RuntimeError: 1D target tensor expected, multi-target not supported

I am a beginner, and I am experimenting in PyTorch.
I am trying to learn Custom Datasets with a toy example.
Here is my script:

import torch
import torch.nn as nn
import torch.utils.data as data
import torchvision.datasets as datasets
device=torch.device('cuda:0');
class CustomDataset(data.Dataset):
 def __init__(self,high):
  self.src=list(range(high));
  self.trgt=list(iter*1 for iter in range(high));
  self.allItems=self.src;
 def inttoTensor(self,integer):
  tensor=torch.zeros(len(self.src));
  index=0;
  for item in self.allItems:
   if item==integer:
    index=self.allItems.index(item);
  print(index);
  tensor[index]=1;
  return tensor;
 def __len__(self):
  return len(self.src);
 def __getitem__(self,idx):
  number=self.src[idx];
  numbert=self.trgt[idx];
  numtensor=self.inttoTensor(number);
  numberttensor=self.inttoTensor(numbert);
  return numtensor,numberttensor;
dset=CustomDataset(50);
dataloader=data.DataLoader(dset,batch_size=1);
model=nn.Linear(50,50);
loss=nn.CrossEntropyLoss();
optimizer=torch.optim.SGD(model.parameters(),lr=0.05);
for batch,(X,y) in enumerate(dataloader):
 pred=model(X);
 lossv=loss(pred,y);
 optimizer.zero_grad();
 loss.backward();
 optimizer.step();

I have looked at a lot of tutorials and some problems like this on this forum, though I am not able to fix it.
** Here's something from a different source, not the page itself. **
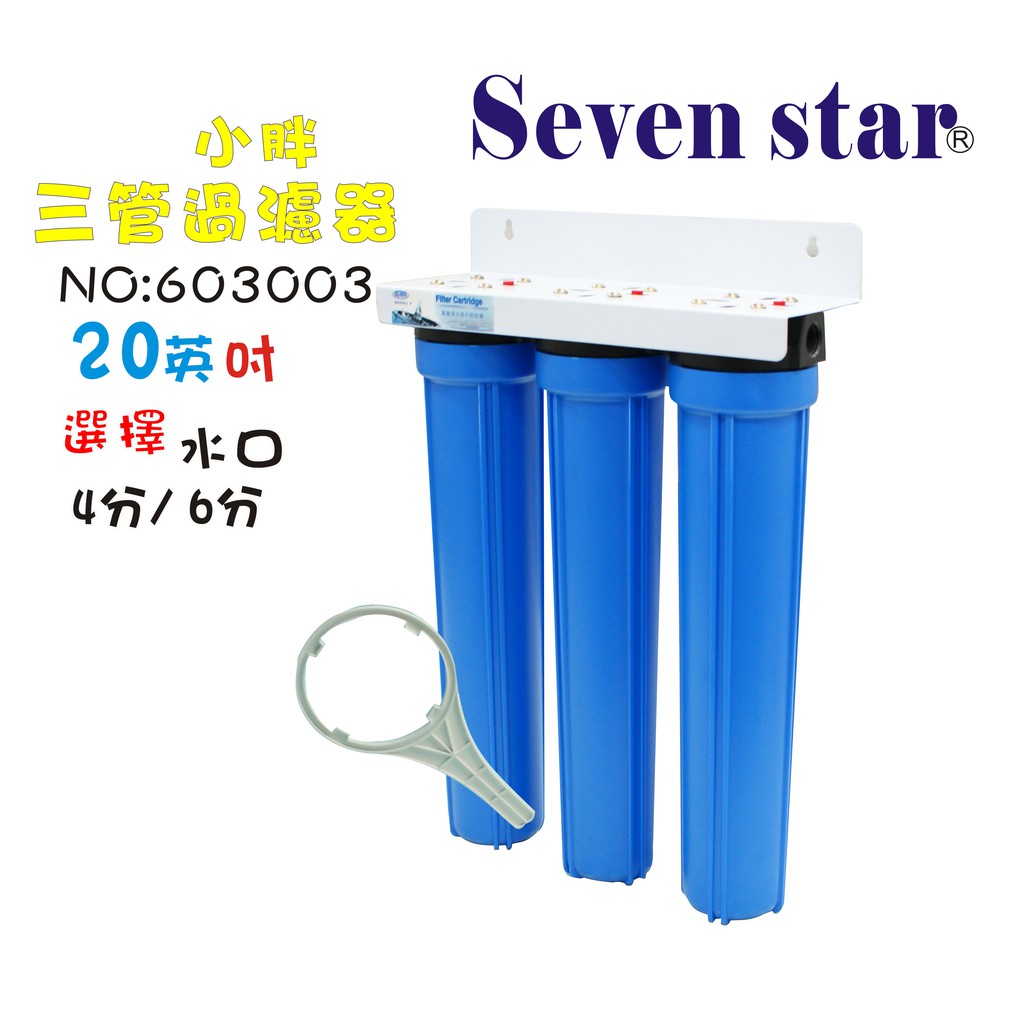 20吋小胖三管過濾器 地下水濾水器 淨水器 水塔過濾器 貨號 603003 Seven star淨水網4分進出水口|6分進出水口|第一道換透明殼-4分|第一道換透明殼-6分Water Filters, Coolers & DispensersSeven star 淨水

When I run the script: This is the output I get:

0
0
Traceback (most recent call last):
  File "cust.py", line 35, in <module>
    lossv=loss(pred,y);
  File "/home/samarth/.local/lib/python3.6/site-packages/torch/nn/modules/module.py", line 1051, in _call_impl
    return forward_call(*input, **kwargs)
  File "/home/samarth/.local/lib/python3.6/site-packages/torch/nn/modules/loss.py", line 1121, in forward
    ignore_index=self.ignore_index, reduction=self.reduction)
  File "/home/samarth/.local/lib/python3.6/site-packages/torch/nn/functional.py", line 2824, in cross_entropy
    return torch._C._nn.cross_entropy_loss(input, target, weight, _Reduction.get_enum(reduction), ignore_index)
RuntimeError: 1D target tensor expected, multi-target not supported

Can anyone help me?
Thank you.

Hi @NeuralFoX

Seems like you have the sequence of ascending numbers in

self.trgt=list(iter*1 for iter in range(high));

The cross_entropy_loss treats it like multi-class labels. Probably you have a buggy code in the snippet above

Thank you. I will try this out. So you are saying that there is something wrong with the list comprehension? Thanks again.

Sorry. I figured out my problem. I had written


self.trgt=list(iter*1 for iter in range(high));

I meant it to be iter*2 instead of iter*1. Thanks a lot for helping me.